Items from a data source
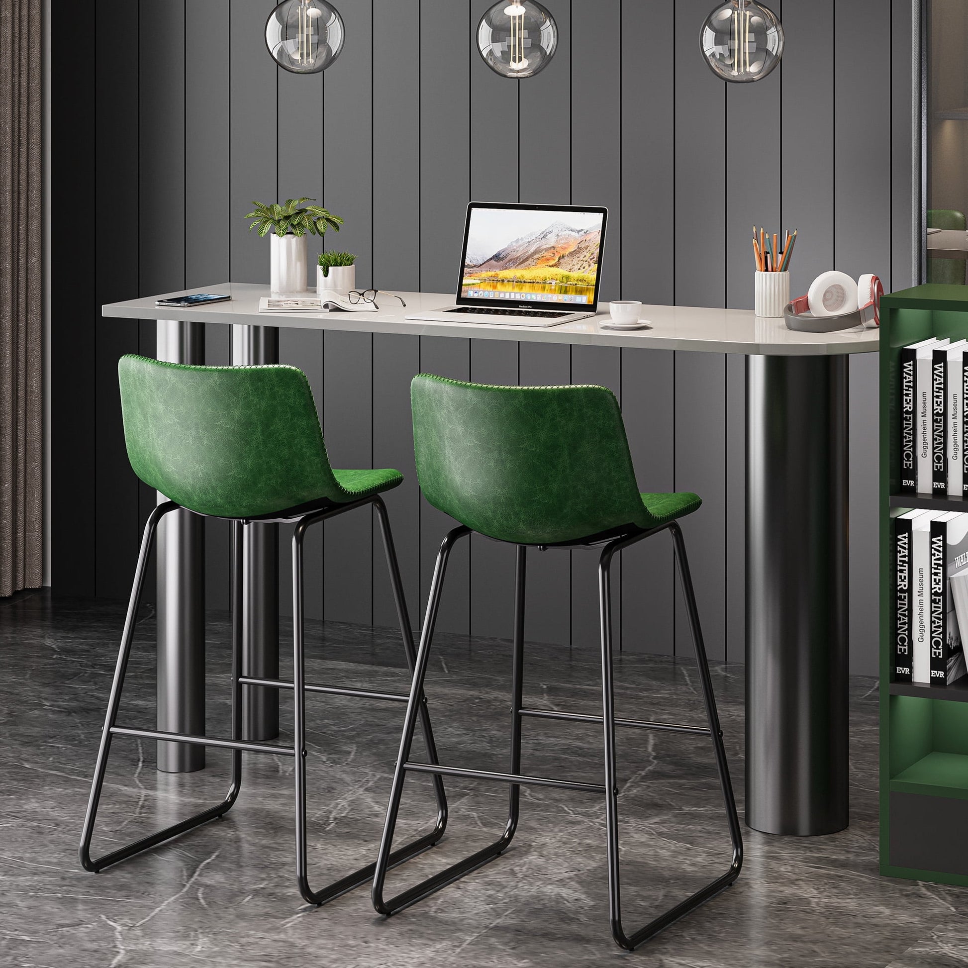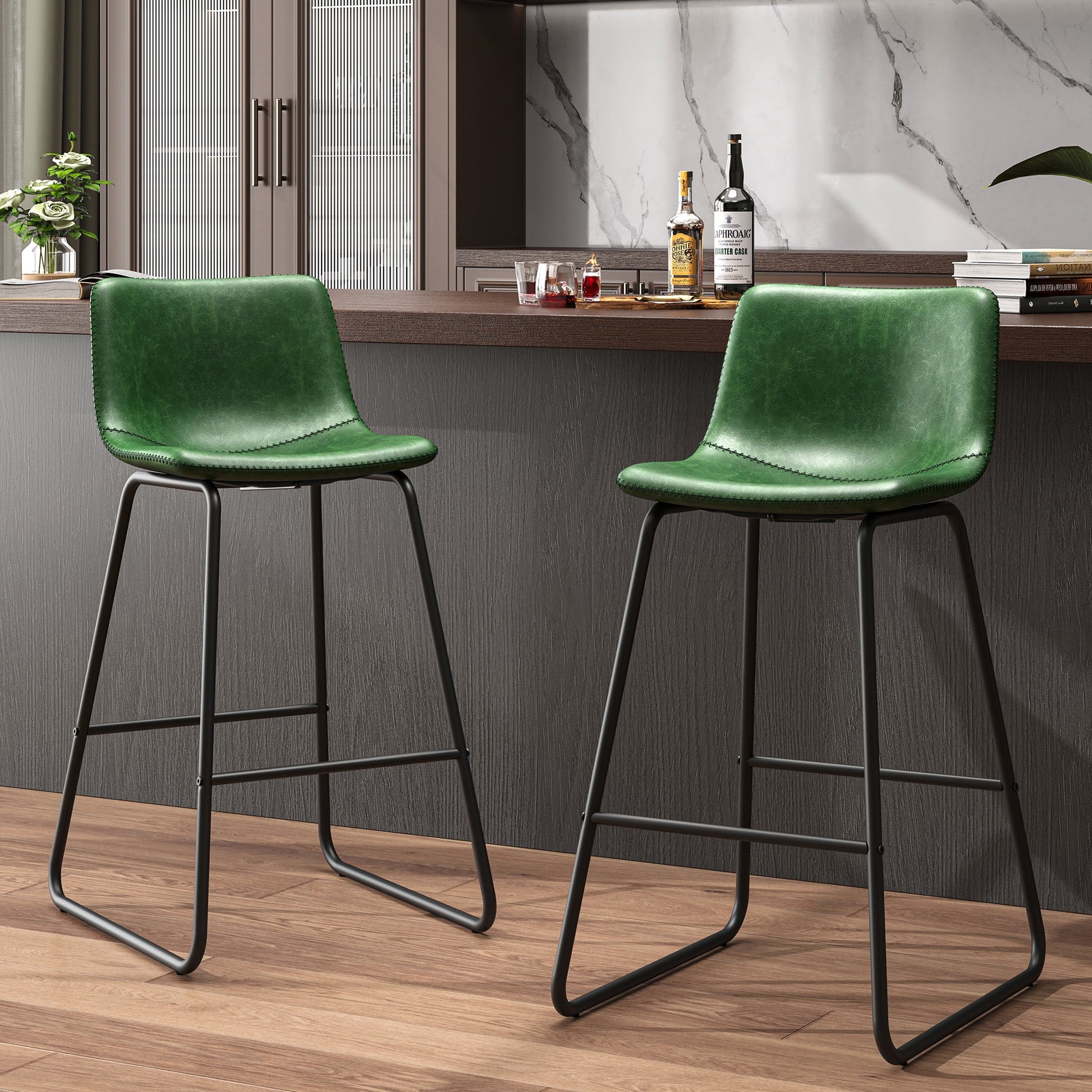 YaFiti Bar Stools 26in Faux Leather Counter Height Barstools with Back Set of 2, Modern Counter Stools with Metal Legs and Footrest, Armless Chairs with Back for Kitchen Living Room Pub, Green
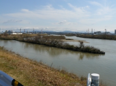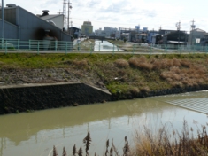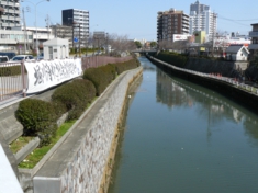 名古屋高速の黒川ICが見えてきた頃から、堀川は護岸のきっちりした都市河川に変貌していきます。 |
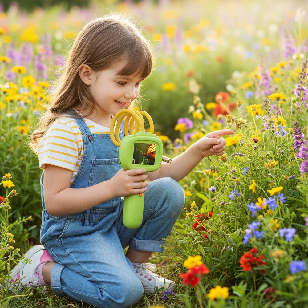 - 🔍2MP + макрообъектив, откройте для себя микроскопический мирОснащен HD-объективом 2MP и 8 регулируемыми светодиодами, освещает детали даже в темноте. Микролинза диаметром 7,9 мм легко проникает в щели и углы, позволяя детям видеть микроскопические структуры, невидимые невооруженным глазом, что возбуждает их любопытство.
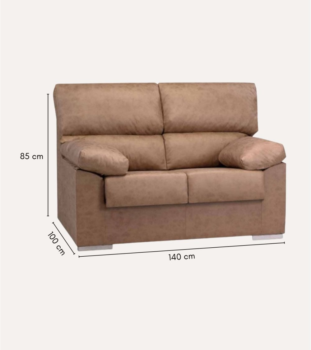 El Sofá Rubén de 2 Plazas, fabricado con materiales de alta calidad como madera, goma y MDF, ofrece resistencia y durabilidad excepcionales. Su diseño minimalista y tapizado en tonos neutros lo hacen ideal para salones, oficinas o áreas de descanso. Cuenta con un respaldo ligeramente reclinado para soporte ergonómico y brazos anchos y acolchados para una experiencia relajante. Su tamaño compacto de 140 x 85 x 100 cm es perfecto para espacios pequeños. La estructura es un marco rectangular sólido en madera resistente y el acolchado está relleno con goma para mayor comodidad.
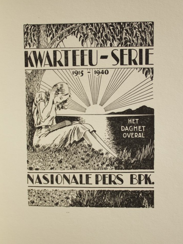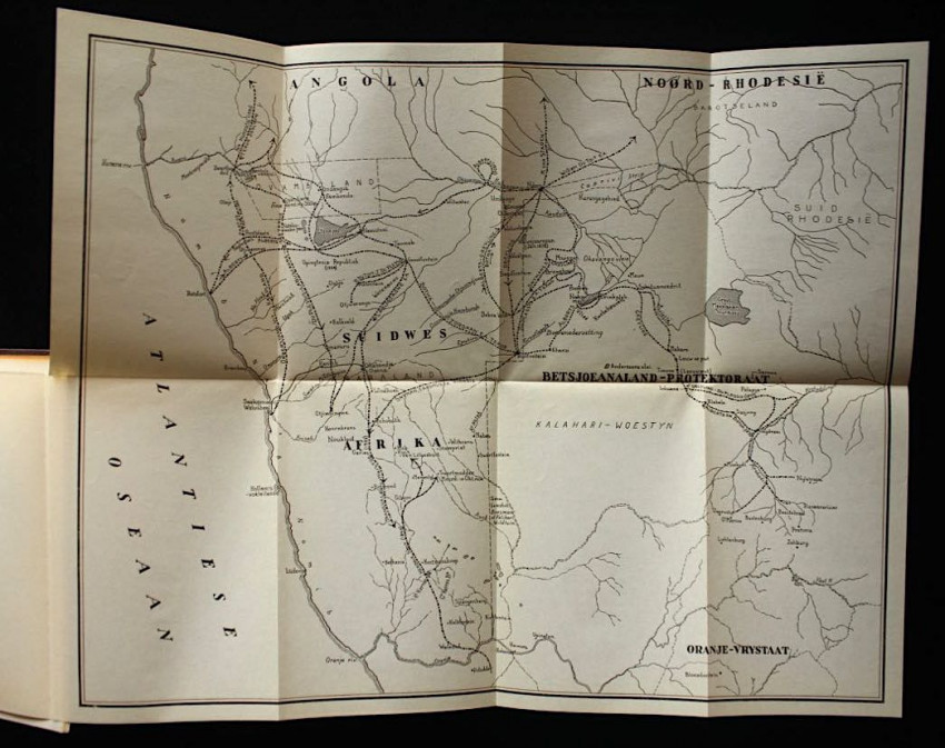 394pp with a fold-out map at rear. Kwarteeu-serie vignette on leaf following the front endpaper designed by T. O. Honiball of "Oom Kaspaas" fame. Text in Afrikaans.
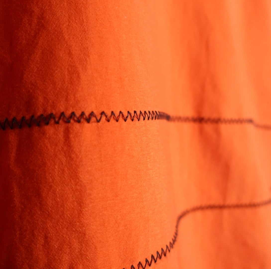 発色の良いオレンジをベースに、左胸にブラックの猫とアルファベット刺繍を施したデザイン。
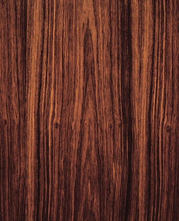 Exclusive and attractive are fitting adjectives for the veneer figure in East Indian rosewood. Like others in the rosewood family, this veneer has a vivid curly or stripy figure. The elegant brown hue ranges from red to violet and even to black. It is the dark combinations of violet to blackish brown that make this veneer particularly lively. The veneer is mildly influenced by the frequently occurring mineral deposits in the wood.
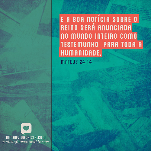 E a boa notícia sobre o Reino será anunciada no mundo inteiro como testemunho para toda a humanidade. Mateus 24.14
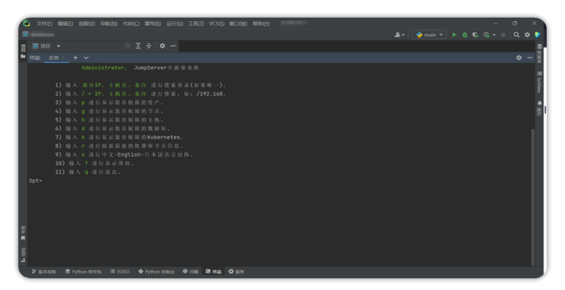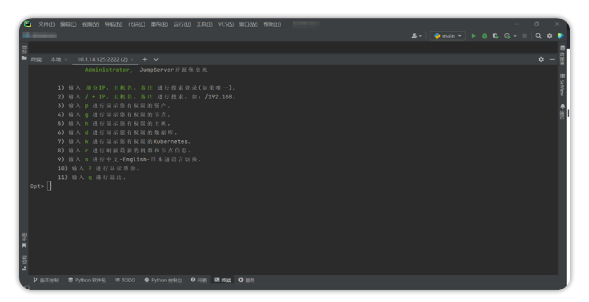 JumpServer 支持通过 Xshell 等工具通过 SSH 协议连接。某些情况下,用户希望使用其他工具连接堡垒机,例如:VScode,PyCharm 等。本篇文章介绍如何使用 PyCharm 连接堡垒机以及堡垒机中的资产。
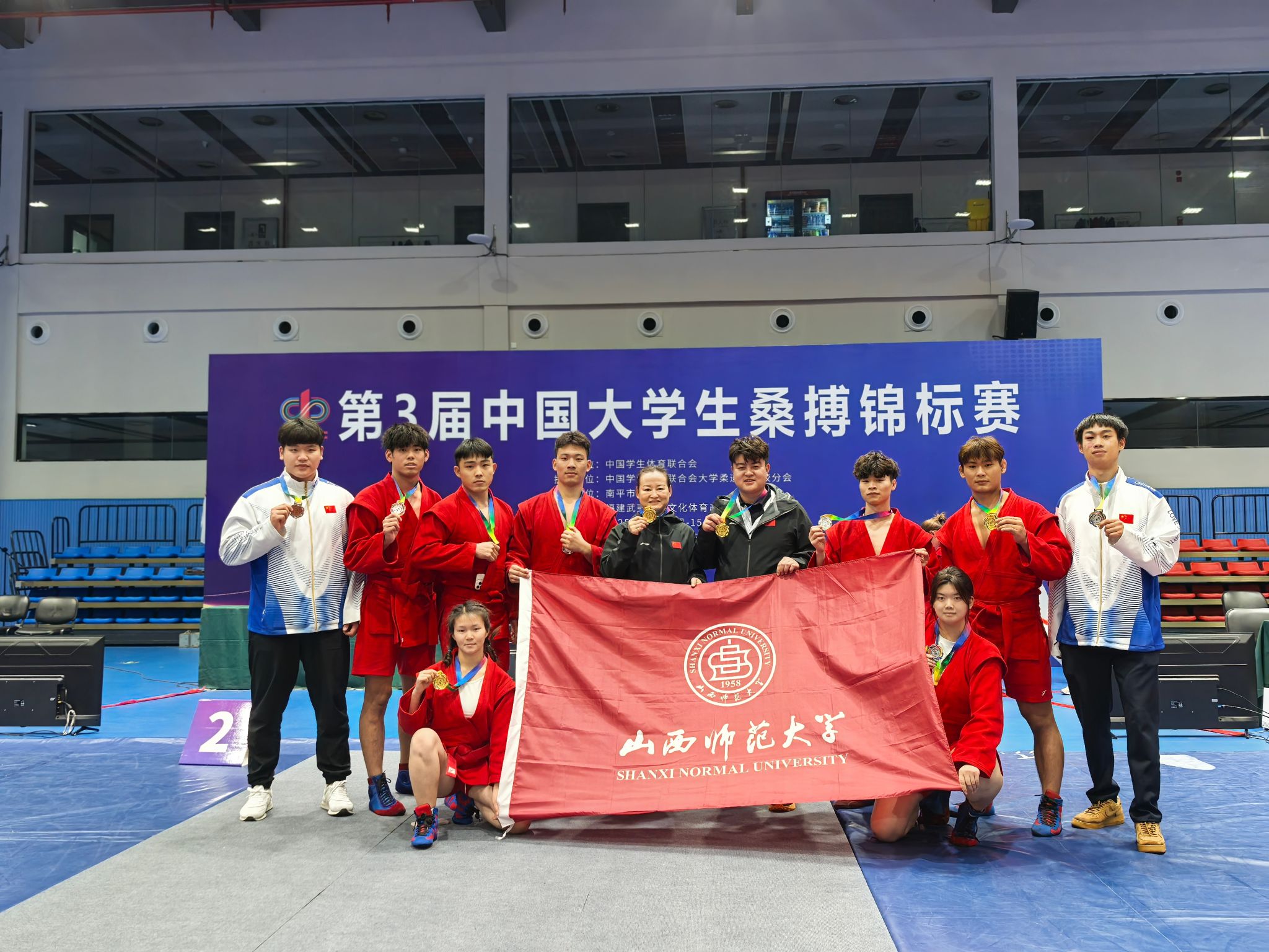 11月11日至15日,第三届中国大学生桑搏锦标赛在福建省南平市武夷国际重竞技训练中心举行。我校9名学子在领队7790cnm必发集团副院长王江,教练员王朝丽老师、卢煜老师带领下,征战丙组(B)级别的赛事。队员们凭借扎实的专业功底与良好的体育素养脱颖而出,最终斩获2金3银2铜1个第五名和1个第七名的优异成绩,为学校争得了荣誉。

EXERCISE BRIEF
Return every entry above exactly as written, minus the pictures.

ANSWER TO THIS EXERCISE
 YaFiti Bar Stools 26in Faux Leather Counter Height Barstools with Back Set of 2, Modern Counter Stools with Metal Legs and Footrest, Armless Chairs with Back for Kitchen Living Room Pub, Green
 名古屋高速の黒川ICが見えてきた頃から、堀川は護岸のきっちりした都市河川に変貌していきます。 |
 - 🔍2MP + макрообъектив, откройте для себя микроскопический мирОснащен HD-объективом 2MP и 8 регулируемыми светодиодами, освещает детали даже в темноте. Микролинза диаметром 7,9 мм легко проникает в щели и углы, позволяя детям видеть микроскопические структуры, невидимые невооруженным глазом, что возбуждает их любопытство.
 El Sofá Rubén de 2 Plazas, fabricado con materiales de alta calidad como madera, goma y MDF, ofrece resistencia y durabilidad excepcionales. Su diseño minimalista y tapizado en tonos neutros lo hacen ideal para salones, oficinas o áreas de descanso. Cuenta con un respaldo ligeramente reclinado para soporte ergonómico y brazos anchos y acolchados para una experiencia relajante. Su tamaño compacto de 140 x 85 x 100 cm es perfecto para espacios pequeños. La estructura es un marco rectangular sólido en madera resistente y el acolchado está relleno con goma para mayor comodidad.
 394pp with a fold-out map at rear. Kwarteeu-serie vignette on leaf following the front endpaper designed by T. O. Honiball of "Oom Kaspaas" fame. Text in Afrikaans.
 発色の良いオレンジをベースに、左胸にブラックの猫とアルファベット刺繍を施したデザイン。
 Exclusive and attractive are fitting adjectives for the veneer figure in East Indian rosewood. Like others in the rosewood family, this veneer has a vivid curly or stripy figure. The elegant brown hue ranges from red to violet and even to black. It is the dark combinations of violet to blackish brown that make this veneer particularly lively. The veneer is mildly influenced by the frequently occurring mineral deposits in the wood.
 E a boa notícia sobre o Reino será anunciada no mundo inteiro como testemunho para toda a humanidade. Mateus 24.14
 JumpServer 支持通过 Xshell 等工具通过 SSH 协议连接。某些情况下,用户希望使用其他工具连接堡垒机,例如:VScode,PyCharm 等。本篇文章介绍如何使用 PyCharm 连接堡垒机以及堡垒机中的资产。
 11月11日至15日,第三届中国大学生桑搏锦标赛在福建省南平市武夷国际重竞技训练中心举行。我校9名学子在领队7790cnm必发集团副院长王江,教练员王朝丽老师、卢煜老师带领下,征战丙组(B)级别的赛事。队员们凭借扎实的专业功底与良好的体育素养脱颖而出,最终斩获2金3银2铜1个第五名和1个第七名的优异成绩,为学校争得了荣誉。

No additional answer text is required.